Dave Dana brought his 1937 Buick Special Coupe that looked a little bit purple to the event.

“It’s a custom paint color with a little bit of that until it came out the way I liked,” he said. “I’ve refurbished it from the ground up.”

He brought a pictorial display of the car as it went through its transformation.

“I probably have over 3,000 hours of my labor and probably spent over $40,000,” he said. “The car was complete with all the parts it needed, except for the mechanical part. All the mechanicals and the drive train are all new.”

He gets a lot of looks when he’s cruising in his 37.

“I hear from a lot of attorneys who say their clients have broken necks from turning around too quick,” he joked.

Dana loves getting out of the house and interacting with the group.

“It’s a little break in the action,” he said. “I get bored pretty quick, so I’m the first to show up and the first to go. I love showing up and watching everybody lie a little bit.”

Bill Glass brought his 1956 Chevy.

“We had some other spots a few years ago before the virus,” he said.

Antique Adventures Owner Chuck Ackerman said having the guys with their cars at his store is almost like a dream come true.

“It’s an absolute blast,” he said. “We’ve been in business for almost seven years now, and about 1.5 years ago, we started having all the cars come out. It’s slowly grown, and it’s a hoot.”
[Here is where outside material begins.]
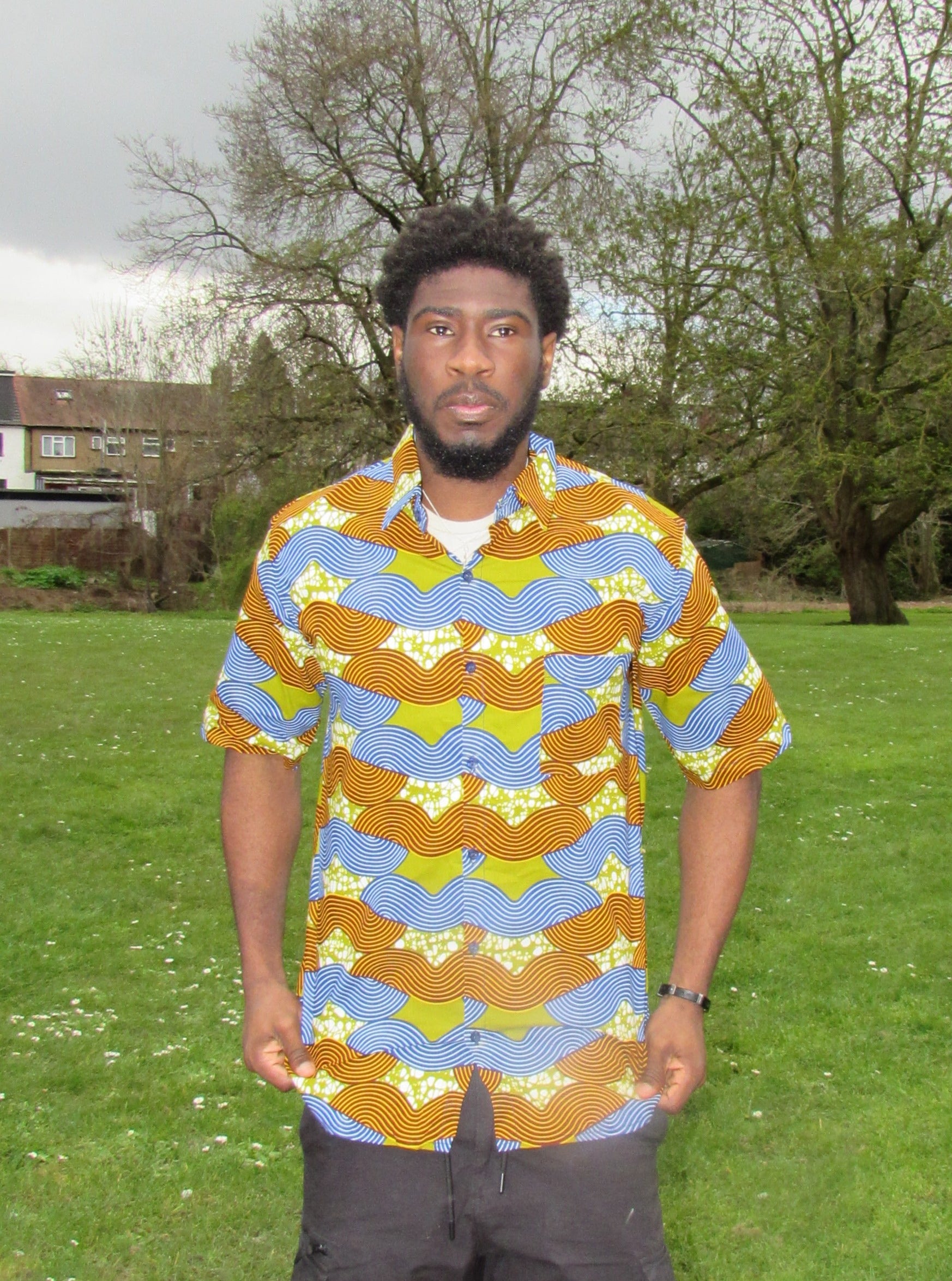 Get ready to make a statement with this Men's African Print Short Sleeve Shirt! Handmade with high-quality cotton from Ghana, this short sleeve shirt features neat stitches and front buttons. The vibrant colors in the fabric make it easy to pair with any shorts or trousers. For a casual look, throw on some khaki shorts or jeans. And for a more formal occasion, pair it with your favorite trousers. This shirt is versatile, stylish, and definitely a must-have for any wardrobe
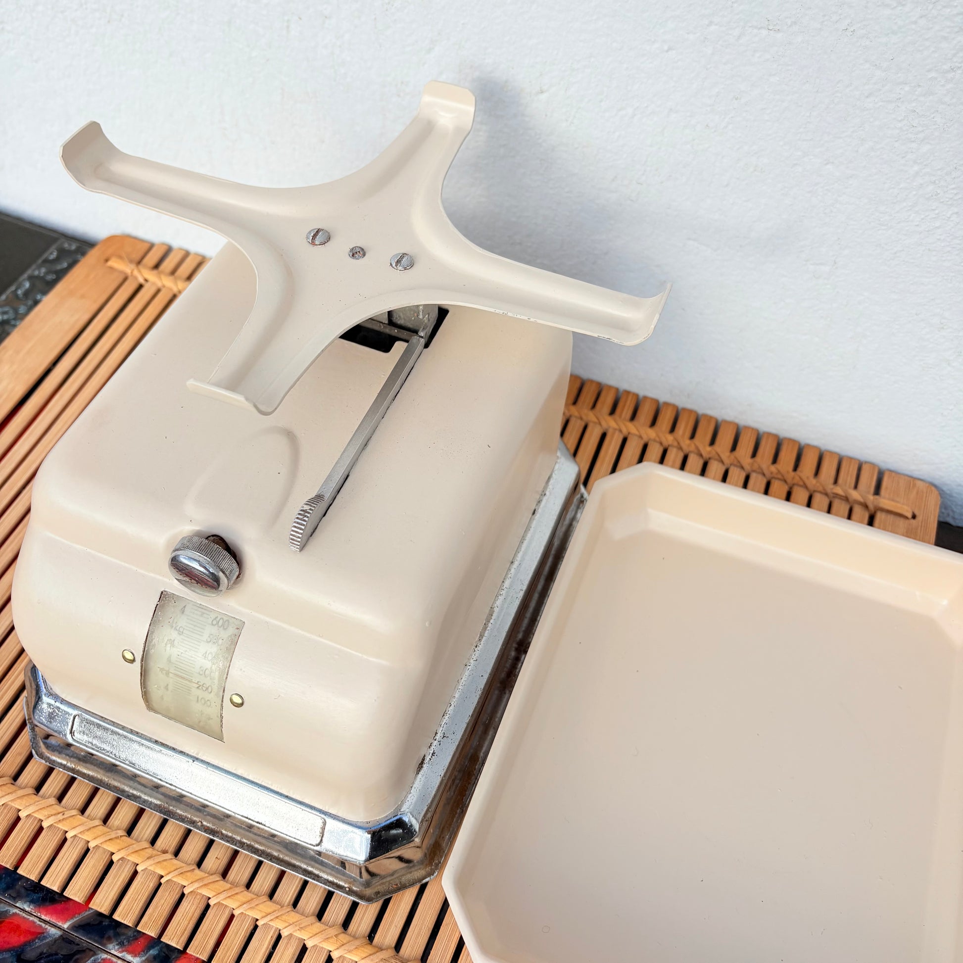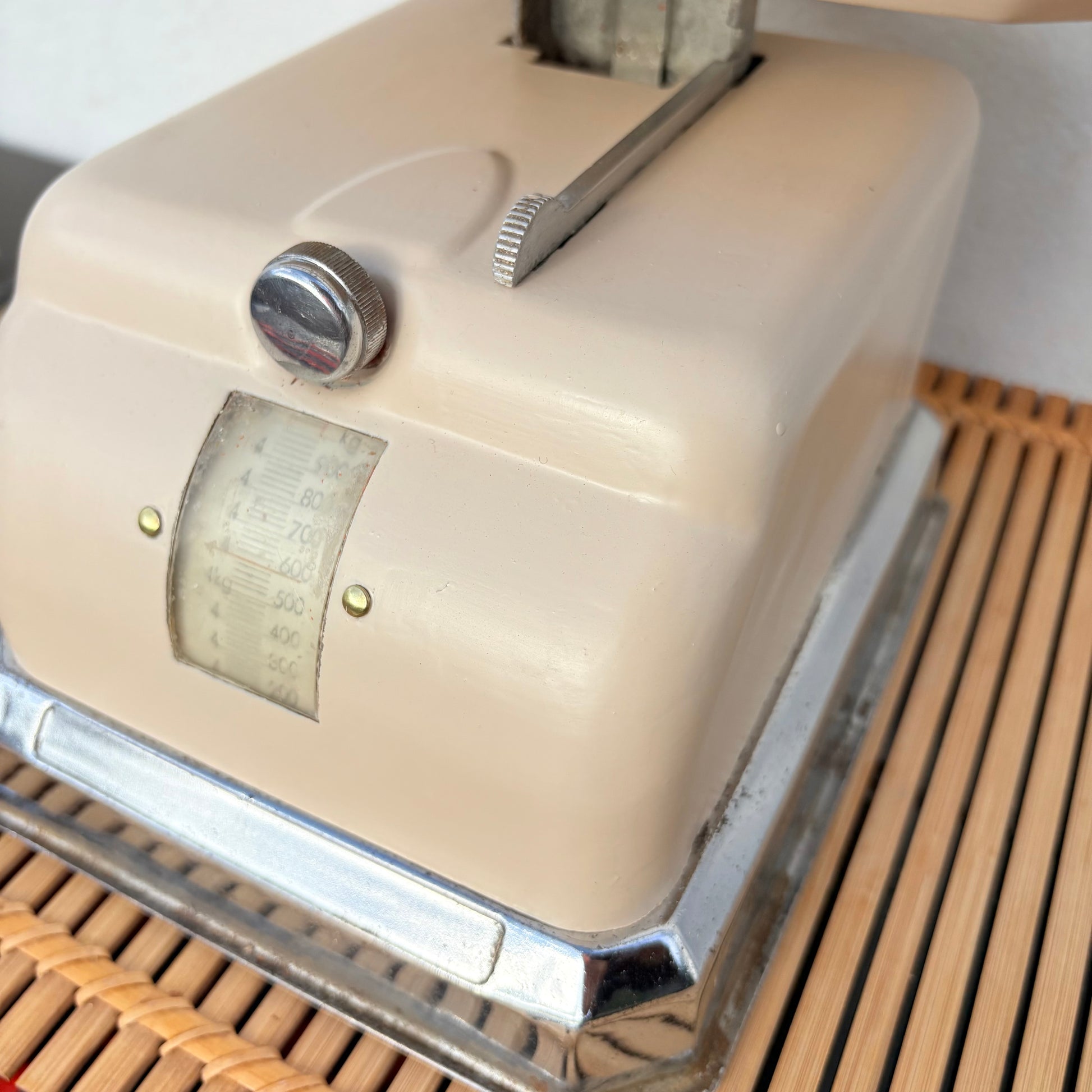 Balance de ménage, repeinte. Fonctionnelle. Joli effet dans une cuisine !

He said the guys are working on his classic car, a 1973 Dodge Dart Sport. “It takes a little while for everything to get done,” he said. “All the guys tease me about not having a car, so I went out and got one.”

Chuck said the cars draw plenty of interest in his business.

“Especially with the proximity to the 101 Freeway, there are a tremendous amount of first-timers that come between L.A. and San Francisco,” he said.

Wife Nerriel Ackerman said she doesn’t need to spend much time taking care of the budget.

“I told him he needs to have a car,” she said. “He has a car show, but he doesn’t have a classic car. He deserves it because he’s worked for so long; he deserves to have his car too.”

She said people who stop by for the car show and walk inside Antique Adventures would not be disappointed.

“We have a lot of antiques and vintage collectibles and furniture,” Nerriel said. “We have a line of paint, Dixie Belle Paint; it’s famous, and we resale Dixie Belle Paint.”

Chuck noted that customers would find vintage items, antiques, and collectibles, from 70 different dealers in 100 different booths.

He said the store’s logo originates from a picture of his great-great-grandfather, and he proudly displays his wedding picture at the store.

“That was something I cropped down and used for the logo and went from there,” he said.

Berger said guys who want to hang out are welcome each Sunday, and there are no fees to join.

“These are American Classic Cars from 1975 or older,” he said. “We don’t want to see a bunch of new Hondas and Toyotas, but they are welcome to come and park on the side.”

Antique Adventures is located at 6587 Ventura Boulevard, Ventura.